Figure 7: Highlighted line shows the document path.

  • Make sure that all required packages, including FAISS, are listed in your requirements.txt file, as mentioned earlier.

Package Installation Screenshot

Figure 8: This image shows the requirements.txt file including FAISS.

  • API Key Authentication Fails: If your API key is not working, double-check its validity by logging into the Mistral platform. Ensure that the key you’re using matches the one provided in your Mistral account settings.

API Key Authentication Fail Screenshot

Figure 9: API Key Authentication Fail - This figure shows an authentication failure due to an invalid API key, stressing the need for accurate credentials.

Debugging:

When working with the Mistral framework, you may encounter various issues that can impede the functionality of your application. Implementing effective debugging strategies can help identify and resolve these problems efficiently. Here are some recommended approaches:

Logging Output: One of the most effective ways to debug your application is by incorporating logging or print statements within the chat_completion function. This allows you to capture real-time interactions between different components, specifically during the retrieval and generation processes. By logging key variables and outputs at various stages of execution, you can gain insight into the flow of data and pinpoint where issues may arise. For instance, logging the retrieved documents and the generated responses can help you identify if the issue lies in the document retrieval step or in the model’s response generation. Additionally, consider using Python’s built-in logging module instead of print statements, as it offers more flexibility and control over logging levels and outputs.

Token Limits: The max_tokens parameter plays a crucial role in determining the length of the generated responses. If this parameter is set too low, it can result in incomplete or truncated answers, which may lead to user dissatisfaction. Therefore, it is essential to adjust this parameter based on the expected length of the responses for different queries. For example, if your application frequently deals with complex questions requiring detailed answers, consider increasing the max_tokens limit to accommodate longer outputs.
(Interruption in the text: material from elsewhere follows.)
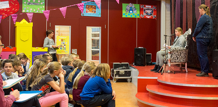 leeswedstrijd gehouden. Na voorrondes in de klas mochten van de groepen 3 t/m8, 2 of 3 leerlingen gezeten in de fraaie troon voorlezen. Alle deelnemers hebben een oorkonde en boekenbon gekregen en als extra cadeautje van boekhandel Daan Nijman hebben ze allemaal een boek erbij gekregen. Voor de deelnemers van groep 8 was het een extra spannend gebeuren, want de winnaar gaat de school vertegen-woordigen bij de gemeentelijke voorleeswedstrijd. Waarna er vervolgens nog een mogelijk Drents en landelijke wedstrijd volgen. Mirthe Meyering die uit het boek Juffrouw Pots van Tosca Menten voorlas had dit volgens de jury het best gedaan en werd voorleeskampioen 2015. |

Monitor the responses closely; if you notice frequent truncation, increasing this limit is advisable. Additionally, keep in mind that excessively high token limits may lead to longer processing times, so finding a balance based on your application’s needs is key.

Environment Verification: It is also beneficial to verify that your Python environment is set up correctly and that all required dependencies are installed without conflicts. Use tools like pip list to check installed packages and their versions. Incompatible library versions can lead to unexpected behaviors, so ensuring that your environment is clean and properly configured is critical for smooth operation.
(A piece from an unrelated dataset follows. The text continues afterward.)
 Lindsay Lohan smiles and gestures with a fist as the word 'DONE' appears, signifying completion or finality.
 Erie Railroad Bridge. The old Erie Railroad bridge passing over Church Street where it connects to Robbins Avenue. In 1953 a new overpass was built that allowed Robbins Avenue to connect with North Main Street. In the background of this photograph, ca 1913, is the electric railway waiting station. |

By implementing these debugging strategies, you can effectively troubleshoot issues within the Mistral framework, leading to more reliable and robust application performance.

Token Limit Adjustment Screenshot

Figure 10: Token Limit Adjustment - This figure highlights how to adjust the max_tokens parameter to prevent truncated responses, ensuring that the AI generates complete answers.

  • Environment Verification: Confirm that your Python environment is set up correctly and that all dependencies are installed as expected. Sometimes, conflicts in packages can lead to unexpected behavior.